First, some definitions:
A sequence $[x_n]$ in a normed linear space $X$ is said to converge weakly to an
element $x$ if for every $\phi \in X^*,\,\, \phi(x_n) \rightarrow \phi (x),$ (where$X^*$ is the conjugate space of $X$.)

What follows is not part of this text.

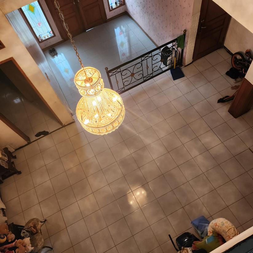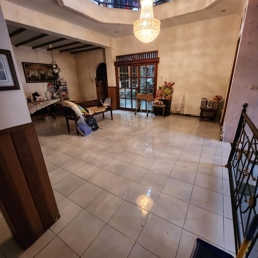 Fasilitas : Garasi 1 mobil + Carport 2 mobil, Dapur bersih + dapur kotor, Ruang Tamu, 3 Ruang keluarga, kolam ikan, lemari pakaian 1, lemari pajangan 3, lampu gantung 1

As for $c_0$, let $c_0$ denote the space of all real sequences that converge to zero, with the norm $\| x\| = \sup_n |x(n)|.$
Now, I need to show that in order for a sequence $[x_n]$ to converge weakly to an element $x$ in the space $c_0$, it is necessary and sufficient that the sequence be bounded and that (for each $i$) we have $\lim_{n \rightarrow \infty} x_n(i) =x(i).$
Here's my attempt at a proof:
First direction: assume that the sequence is weakly convergent, prove the boundedness and pointwise convergence:
We know that any weakly convergent sequence is bounded. Also, every continuous linear functional $\phi$ in $c_0$ can be written in the following form for some suitable point $\alpha$ in $l^1$. $$\phi(x) = \sum_{i=1}^{\infty } \alpha(i) x(i)$$
Similarly, $$\phi_n (x) = \sum_{i=1}^{\infty } \alpha^\prime (i) x_n(i).$$ Now, due to weak convergence, we have $lim_{n \rightarrow \infty} \phi_n(x) = \phi(x) $. We pick $\alpha(i) = \alpha ^ \prime (i) = e(i) $, where $e(i)$ is the $i$th basis for $c_0$. Thus, we can conclude $lim_{n \rightarrow \infty} x_n(i) = x(i).$
Am I right so far? And if so, I'd appreciate any hint/help on the inverse direction of the proof. Thanks.
Best Answer
For the converse: Let $f \in c_0^*=\ell_1$. Then, there exists $z \in \ell_1$ such that $$f(y)=\sum_{k =1}^\infty y(k) z(k), \ y \in c_0.$$ Let $\varepsilon>0$. Pick a sufficiently large integer $N$ such that $$ \sum_{k>N} |z(k)| < ε/2M$$ where $M=\sup ||x_n||$. Since $x_n(k) \xrightarrow{n \to \infty} x(k)$ for all $k$, we get that $$ \lim_{n\to \infty} \sum_{k=1}^N |x_n(k)-x(k)| \ |z(k)|=0.$$ Therefore, \begin{align*} |f(x_n)-f(x)| &= |f(x_n-x)| \\ &= | \sum_{k=1}^\infty (x_n(k)-x(k)) z(k) | \\ &\leq \sum_{k=1}^N |x_n(k)-x(k)| \ |z(k)| + \sum_{k>N} |x_n(k)-x(k) \ |z(k)|. \end{align*} Conclude that $ \limsup |f(x_n)-f(x) | \leq ε$.